Assignment
Write the data out again exactly, with no pictures.

Provided material section start

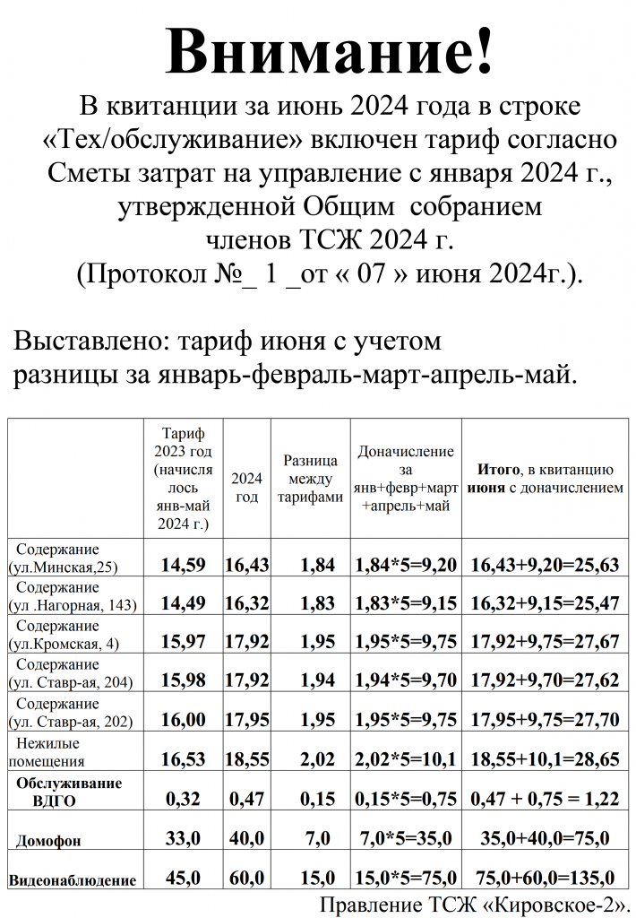 - проведение общего собрания членов ТСЖ «Кировское-2» (отчетного за 2023 г.), проводимого в форме очно - заочного голосования предложено провести в период с «22» апреля 2024 г. по «28» мая 2024 г., с составлением бланков Решения члена ТСЖ.
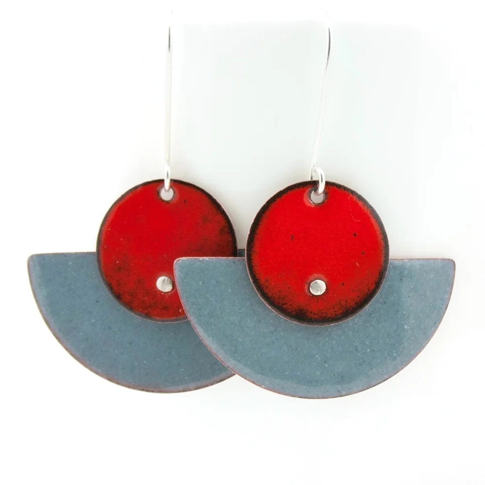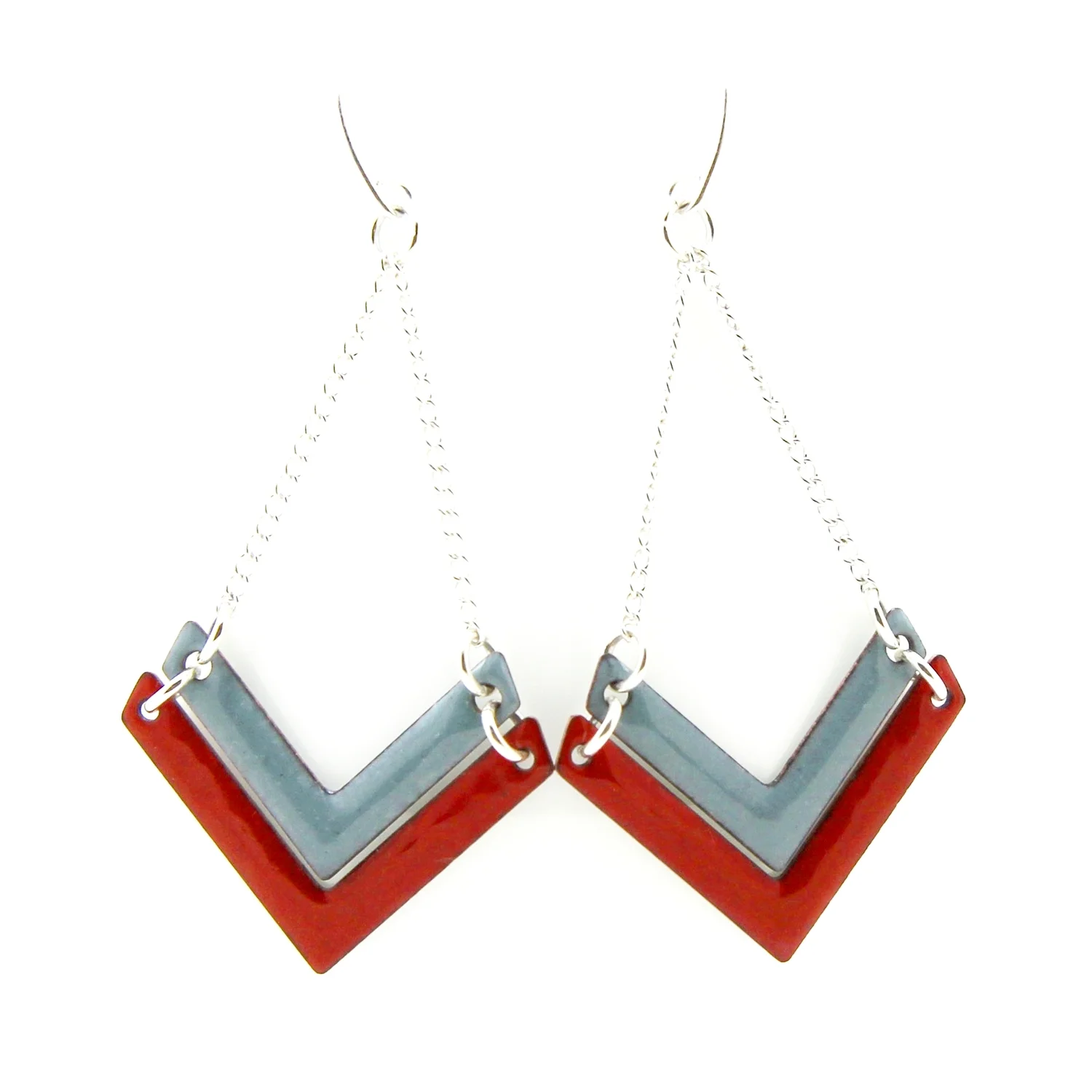 In this collection, two or more enameled pieces joined together by jump rings allowing for movement between the pieces.
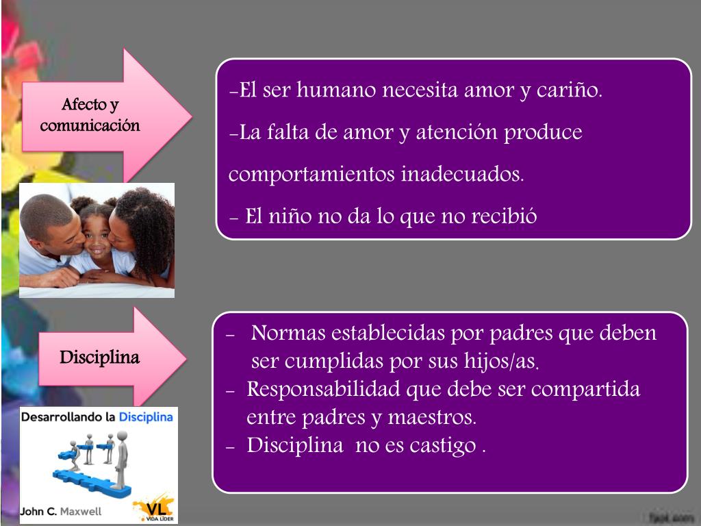 Afecto y comunicación -El ser humano necesita amor y cariño. -La falta de amor y atención produce comportamientos inadecuados. - El niño no da lo que no recibió Disciplina • Normas establecidas por padres que deben ser cumplidas por sus hijos/as. • Responsabilidad que debe ser compartida entre padres y maestros. • Disciplina no es castigo .

Provided material section end

Solution
 - проведение общего собрания членов ТСЖ «Кировское-2» (отчетного за 2023 г.), проводимого в форме очно - заочного голосования предложено провести в период с «22» апреля 2024 г. по «28» мая 2024 г., с составлением бланков Решения члена ТСЖ.
 In this collection, two or more enameled pieces joined together by jump rings allowing for movement between the pieces.
 Afecto y comunicación -El ser humano necesita amor y cariño. -La falta de amor y atención produce comportamientos inadecuados. - El niño no da lo que no recibió Disciplina • Normas establecidas por padres que deben ser cumplidas por sus hijos/as. • Responsabilidad que debe ser compartida entre padres y maestros. • Disciplina no es castigo .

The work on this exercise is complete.